Task description
Beginning with the line that contains "Pauline Donalda (1882-1970) as Terlina", retype the entries below exactly, ending with the line that contains "Atelier Eric Sundström: Bror". Leave out any pictures.

The input
=== Begin Enclosure ===

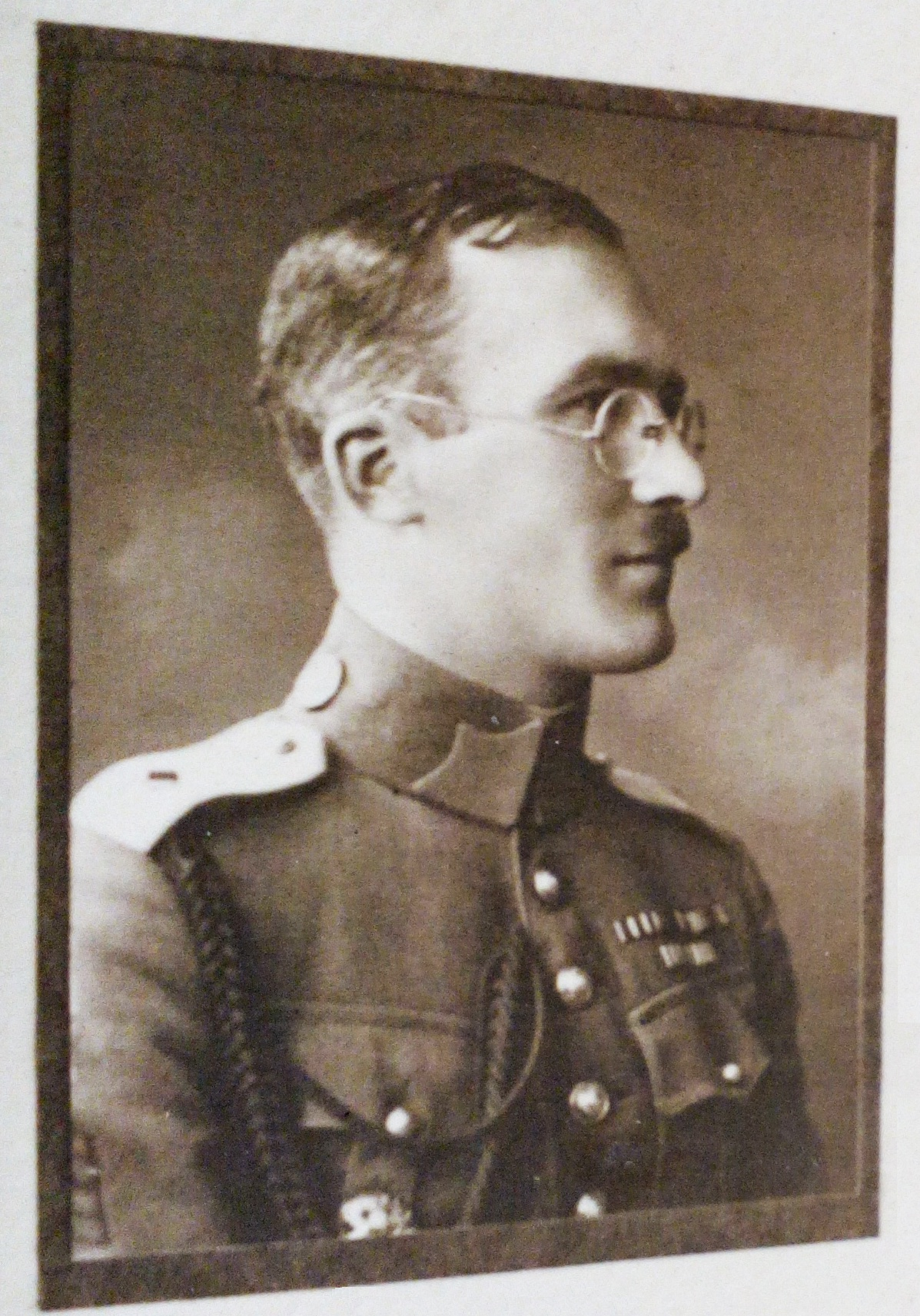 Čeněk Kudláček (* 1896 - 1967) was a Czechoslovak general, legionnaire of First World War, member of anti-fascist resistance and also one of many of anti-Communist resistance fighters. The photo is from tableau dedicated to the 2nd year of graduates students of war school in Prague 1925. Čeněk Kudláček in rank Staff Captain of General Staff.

=== End Enclosure ===
=== Begin Enclosure ===

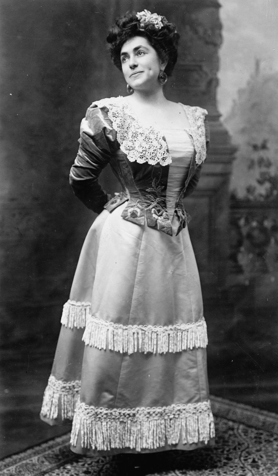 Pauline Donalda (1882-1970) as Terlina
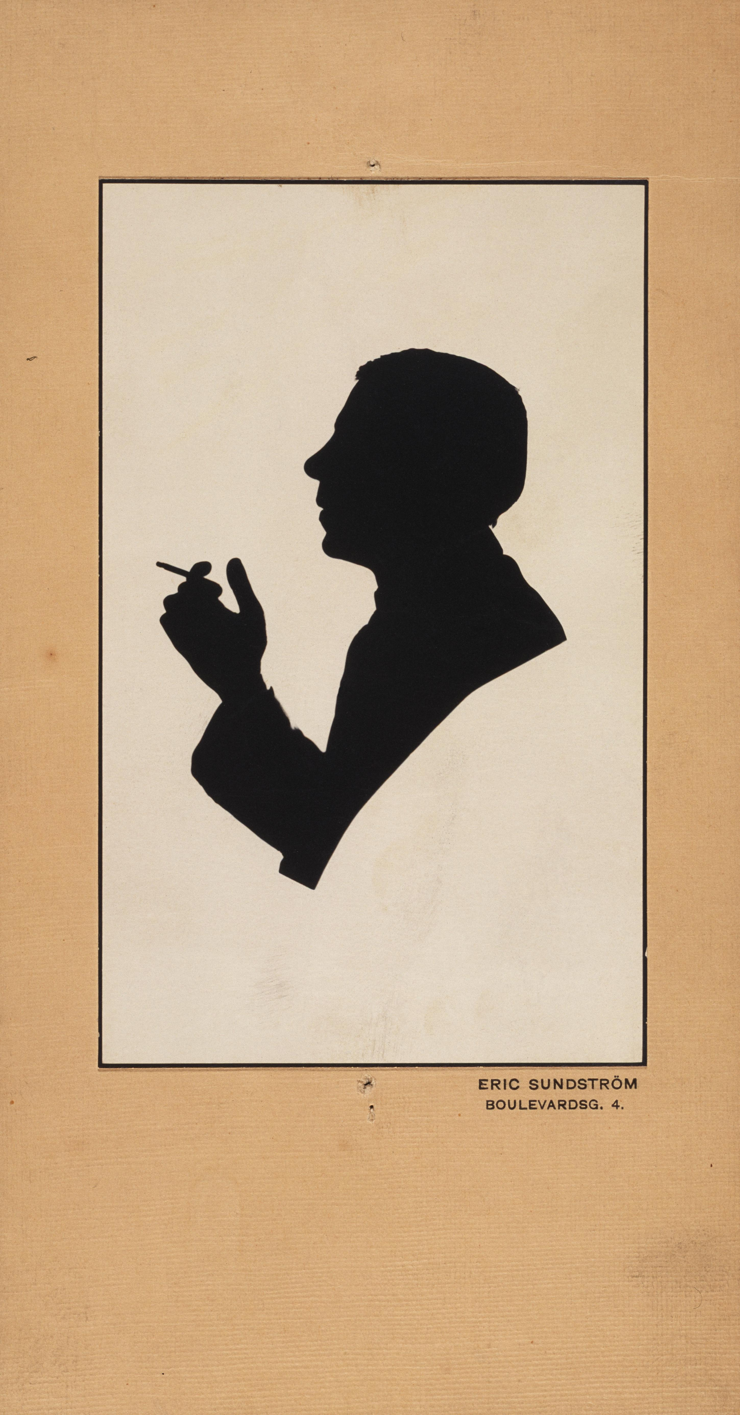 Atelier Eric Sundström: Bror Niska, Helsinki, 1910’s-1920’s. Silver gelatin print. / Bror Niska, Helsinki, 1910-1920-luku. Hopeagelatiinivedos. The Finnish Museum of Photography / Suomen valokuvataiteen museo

=== End Enclosure ===

Answer to the exercise
 Pauline Donalda (1882-1970) as Terlina
 Atelier Eric Sundström: Bror Niska, Helsinki, 1910’s-1920’s. Silver gelatin print. / Bror Niska, Helsinki, 1910-1920-luku. Hopeagelatiinivedos. The Finnish Museum of Photography / Suomen valokuvataiteen museo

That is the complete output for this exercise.